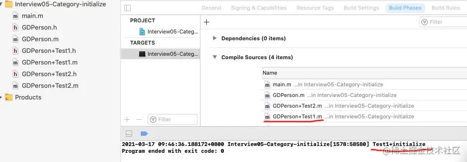 还是一样,我创建GDPerson类和Test1、Test2分类,里面分别调用了initialize方法,如下:
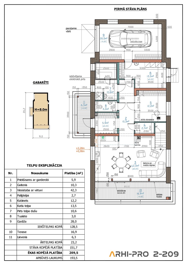 Guļamistabas: 3 Platība: 209 m² Garāža: ir
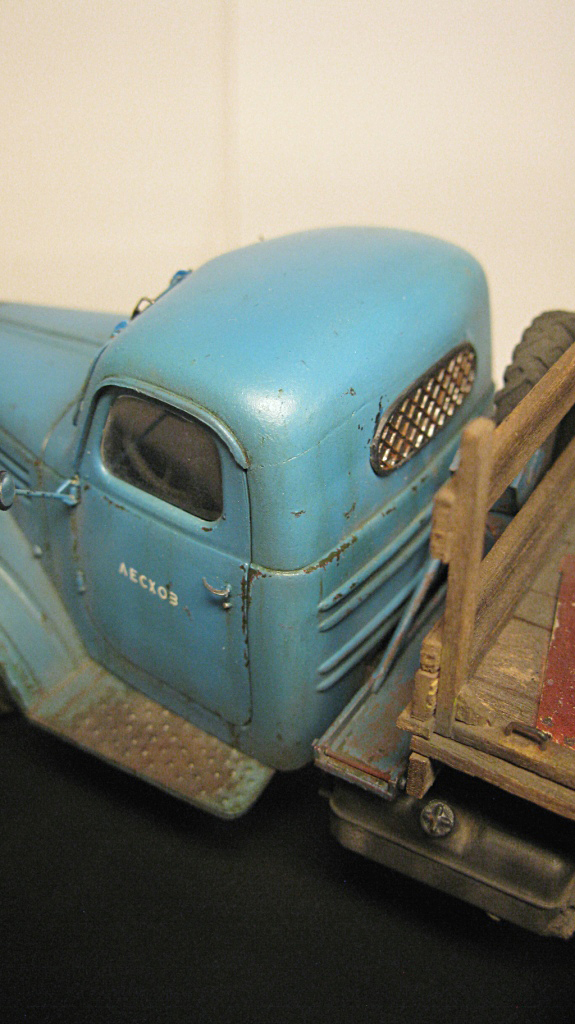 Отличный Зис!,С этими колесами сооооооовсем другой вид!,Очень понравился кузов(платформа),мелочи понравились,ручки дверей,зеркало.Единственное на мой взгляд решетки на фарах и заднем стекле все же крупноваты,может стоило проволоку по тоньше взять?
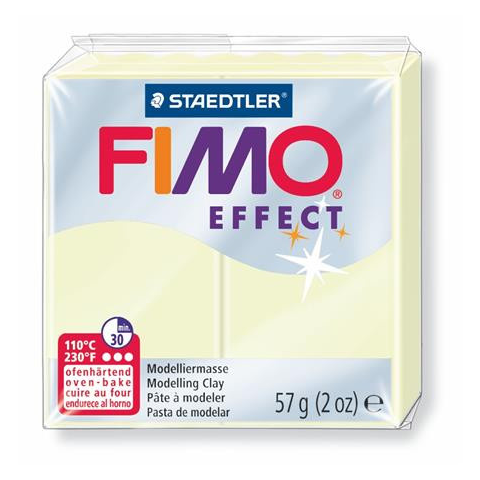 Gyurma, 57 g, égethető, FIMO Effect, sötétben világító - kiégethető gyurma, 56 gramm - puhítsa, amíg felveszi a kívánt formát - speciális alkalmazáshoz, technikákhoz - könnyen keverhető, FIMO Soft és Classic gyurmákkal is - 8 éven felülieknek ajánl
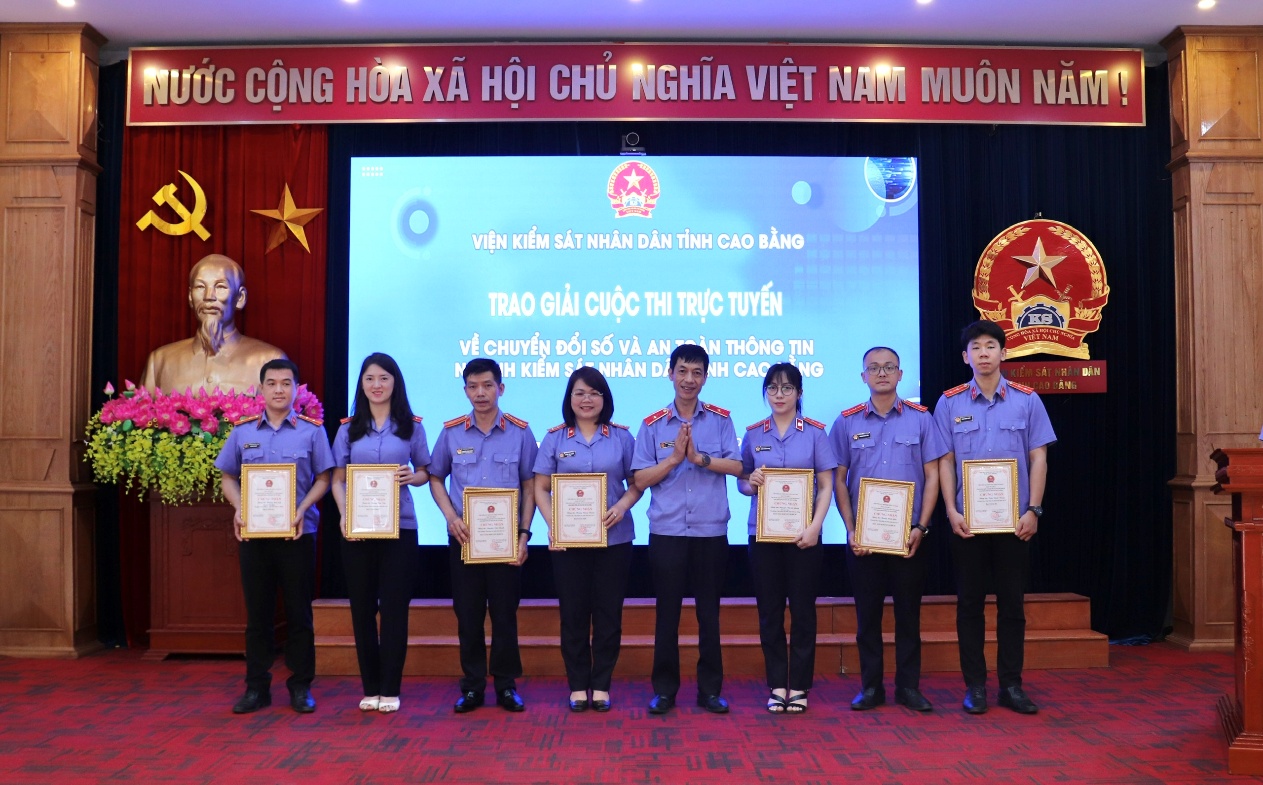 Cũng tại Hội nghị, Hội đồng thi đua khen thưởng đã tiến hành trao Bằng khen của Viện trưởng VKSND tối cao đối với 01 tập thể và 01 cá nhân; Giấy khen của Viện trưởng VKSND tỉnh đối với 02 cá nhân có thành tích xuất sắc đột xuất; trao giải thưởng đối với 7 cá nhân và 01 tập thể đã có thành tích xuất sắc trong “Cuộc thi trực tuyến về chuyển đổi số và an toàn thông tin trong ngành Kiểm sát nhân dân tỉnh Cao Bằng”.
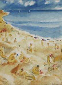 Femme à la plage, aquarelle sur papier, signée, 33x24 cm
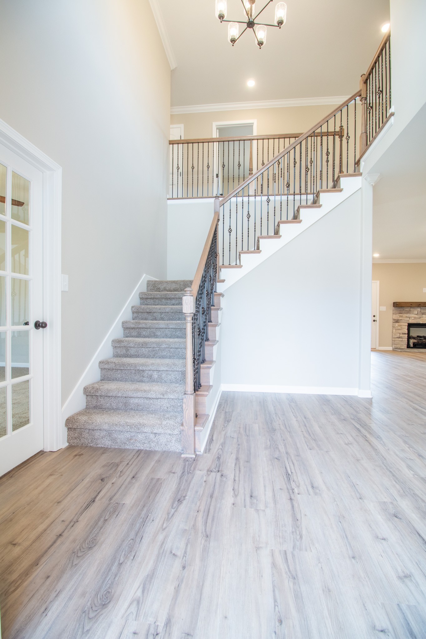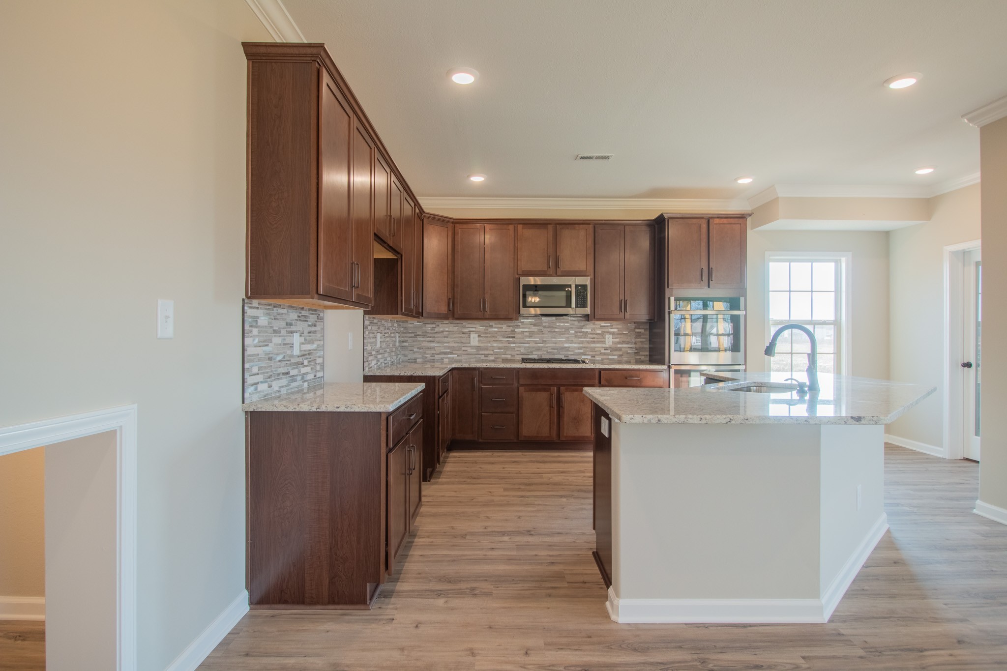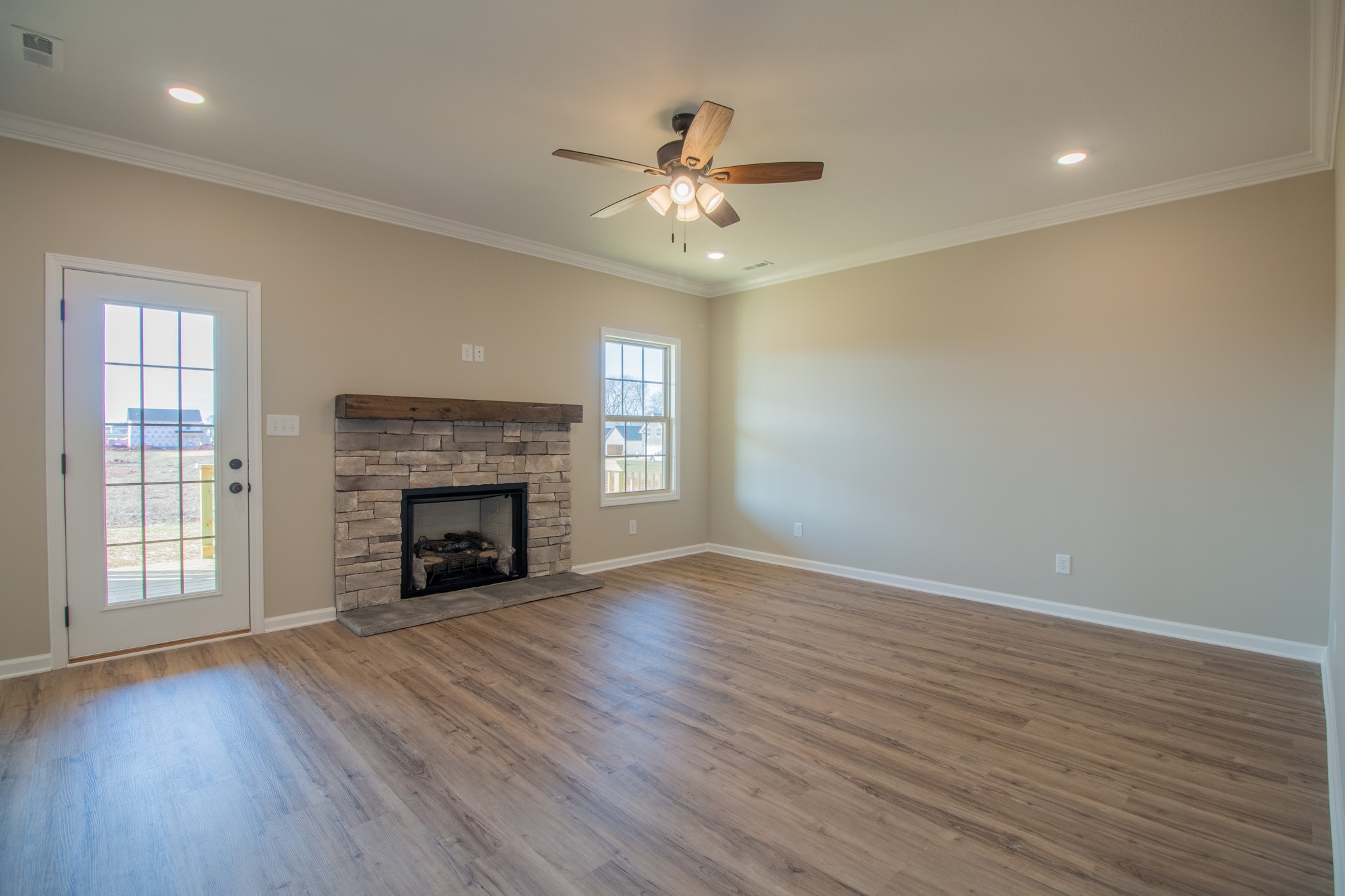 Grand 2 Story Foyer Welcomes You In! Large Living Room w/ a Natural Gas Stone FP & Floating Mantle! Kitchen Features a Massive Island w/ an Extended Countertop for Wraparound Seating; Double Oven, GAS Cooktop, Granite Tops, HUGE Walk-in Pantry w/ a Decorative Door, Open Eat-in Area, Finished Storage Area & Lots of Cabinet Space! Spacious Formal Dining Room w/ Wainscoting & a Coffered Ceiling! Downstairs there is also a Large Guest Room or Office w/ a Beautiful Glass Door! Primary Suite is the Presidential Suite of Bedrooms! It Features a Double Tray Ceiling, En Suite Bathroom w/ a Tile Shower, Soaking Tub, Huge Double Vanity, Toilet Closet & a Double Octagonal Tray Ceiling w/ LED Lighting in Both Trays! Through the Bathroom is a Private Hall that Leads to 2 Large Walk-In Closets, a Linen Closet & Private Access into the Laundry Room!!! Large Guest Rooms Upstairs ALL w/ Walk-in Closets! SPC Flooring Throughout Main Areas, Polished Tile, Crown Molding, Custom Trim & a Large Covered Deck!

+ + +

PROBLEM: Reproduce the data above exactly, but only the lines from the one showing "Отличный Зис!,С этими" through the one showing "Gyurma, 57 g, égethető, FIMO", with both ends kept and the pictures left out.

WORKED SOLUTION:
 Отличный Зис!,С этими колесами сооооооовсем другой вид!,Очень понравился кузов(платформа),мелочи понравились,ручки дверей,зеркало.Единственное на мой взгляд решетки на фарах и заднем стекле все же крупноваты,может стоило проволоку по тоньше взять?
 Gyurma, 57 g, égethető, FIMO Effect, sötétben világító - kiégethető gyurma, 56 gramm - puhítsa, amíg felveszi a kívánt formát - speciális alkalmazáshoz, technikákhoz - könnyen keverhető, FIMO Soft és Classic gyurmákkal is - 8 éven felülieknek ajánl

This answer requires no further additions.